» Input:

+++++

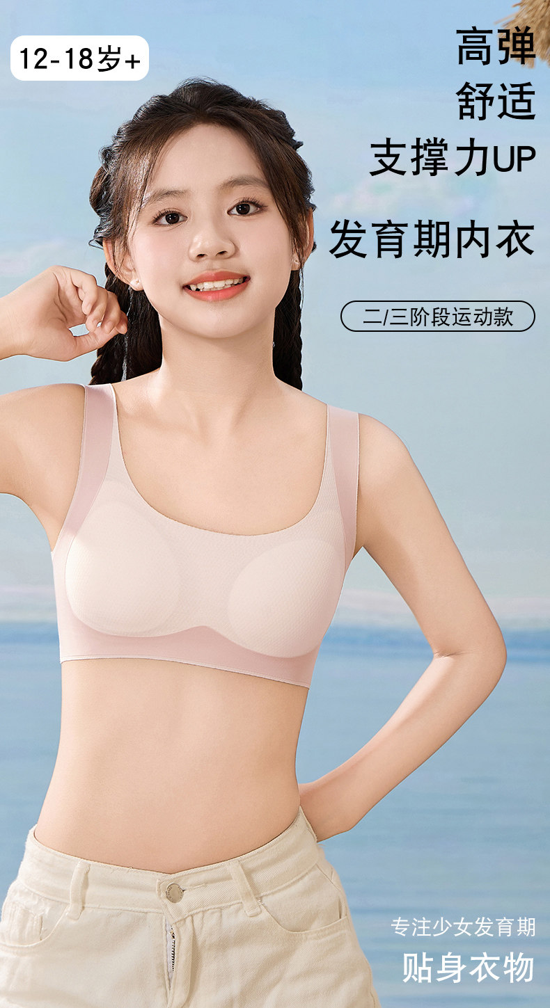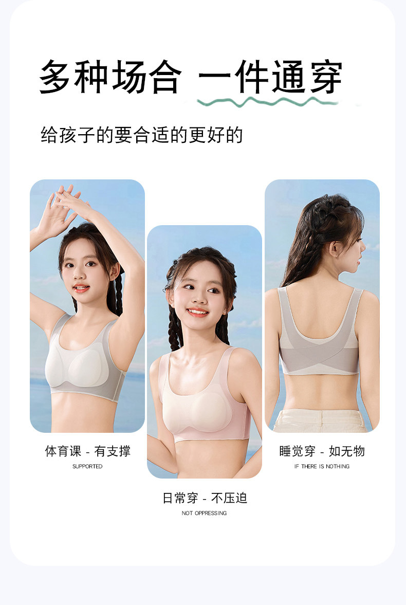 Cat Girl Underwear for Girls in the Second and Third Stages of Puberty, Small Vest Sports Shock-Proof Seamless Bra
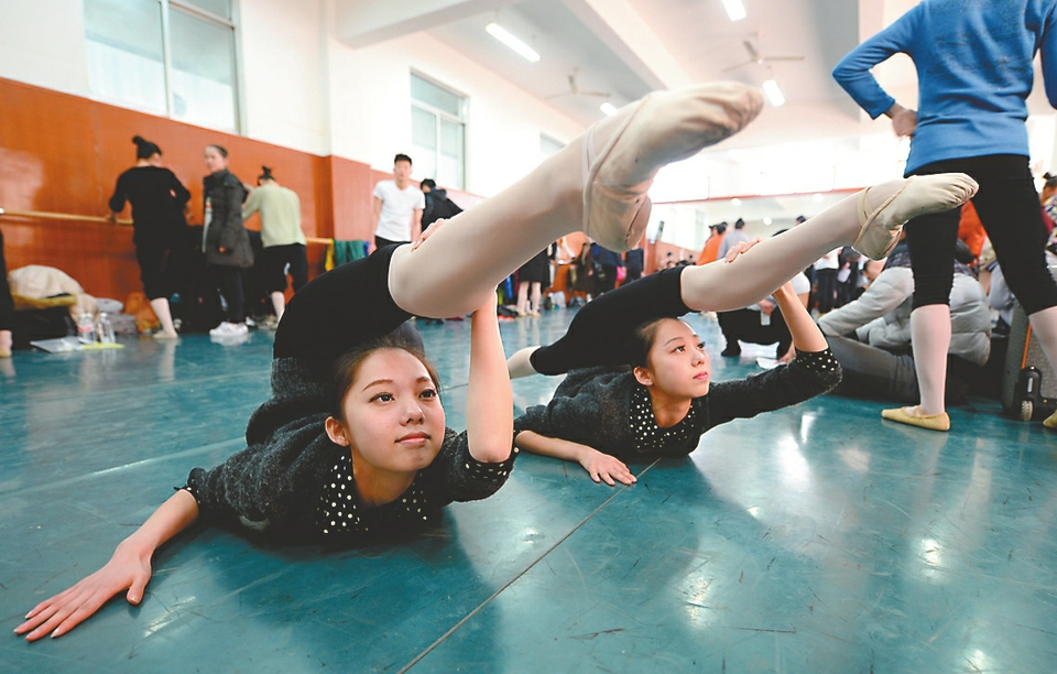 双胞胎姐妹刘静雯(左)和刘静茹同场参加舞蹈专业的考试
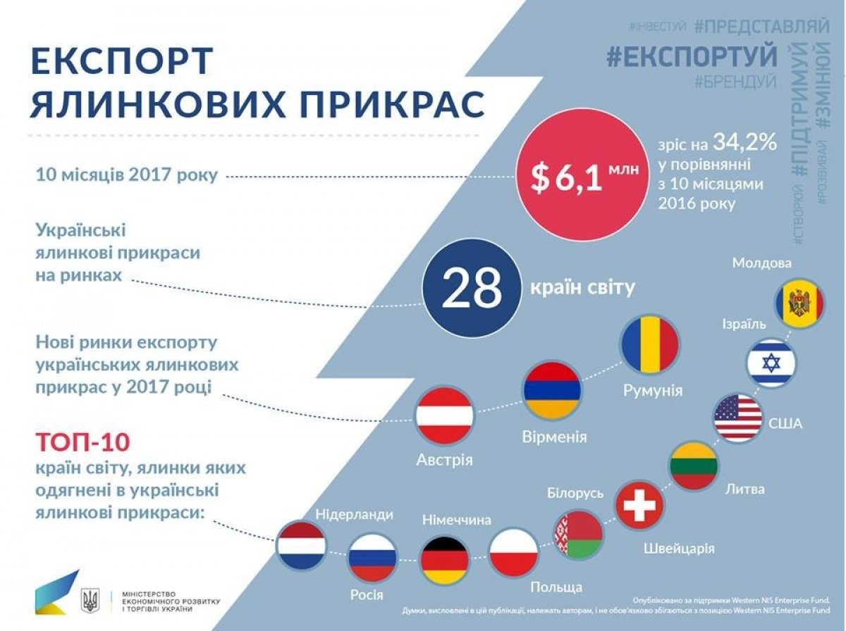 Загалом протягом минулого року українські ялинкові прикраси з'явилися на ринках 28 країн світу. Серед нових торговельних партнерів у цій галузі – Австрія, Румунія, Вірменія.
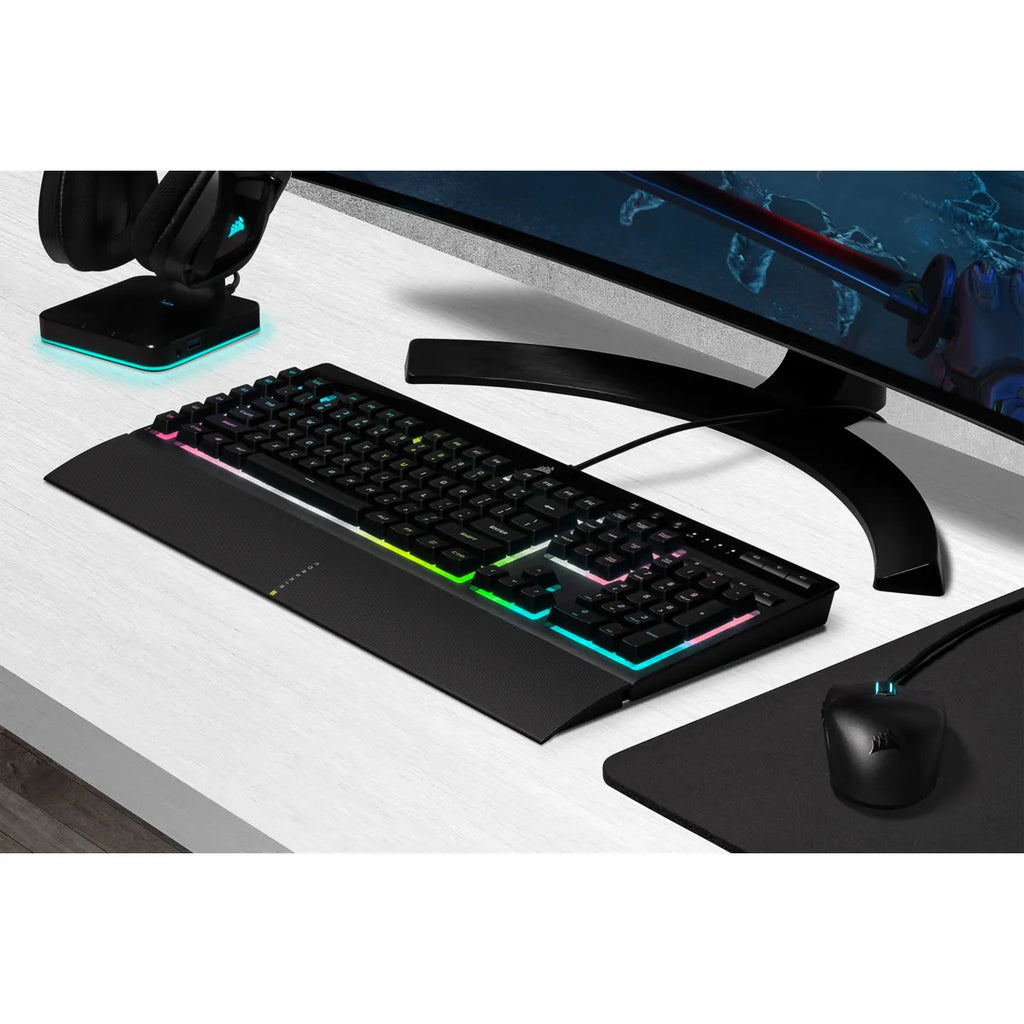 Corsair K55 RGB PRO XT. Keyboard form factor: Full-size. Keyboard style: Straight. Device interface: USB, Keyboard layout: QWERTY, Keyboard number of keys: 111. Backlight type: RGB LED, Wrist rest. Recommended usage: Gaming. Product colour: Black
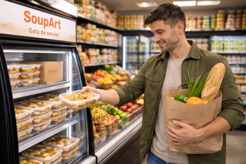 SoupArt îți oferă o gamă stabilă de produse gata de vânzare: ambalate pentru raft, cu gust constant și livrate în lanț frigorific. Rezultatul: rotație mai bună, aprovizionare predictibilă și un frigider „curat”, cu produse care se vând zi de zi.

+++++

» What is needed: In the copy you write, the data above must appear exactly, with no pictures.

» The completed task:
 Cat Girl Underwear for Girls in the Second and Third Stages of Puberty, Small Vest Sports Shock-Proof Seamless Bra
 双胞胎姐妹刘静雯(左)和刘静茹同场参加舞蹈专业的考试
 Загалом протягом минулого року українські ялинкові прикраси з'явилися на ринках 28 країн світу. Серед нових торговельних партнерів у цій галузі – Австрія, Румунія, Вірменія.
 Corsair K55 RGB PRO XT. Keyboard form factor: Full-size. Keyboard style: Straight. Device interface: USB, Keyboard layout: QWERTY, Keyboard number of keys: 111. Backlight type: RGB LED, Wrist rest. Recommended usage: Gaming. Product colour: Black
 SoupArt îți oferă o gamă stabilă de produse gata de vânzare: ambalate pentru raft, cu gust constant și livrate în lanț frigorific. Rezultatul: rotație mai bună, aprovizionare predictibilă și un frigider „curat”, cu produse care se vând zi de zi.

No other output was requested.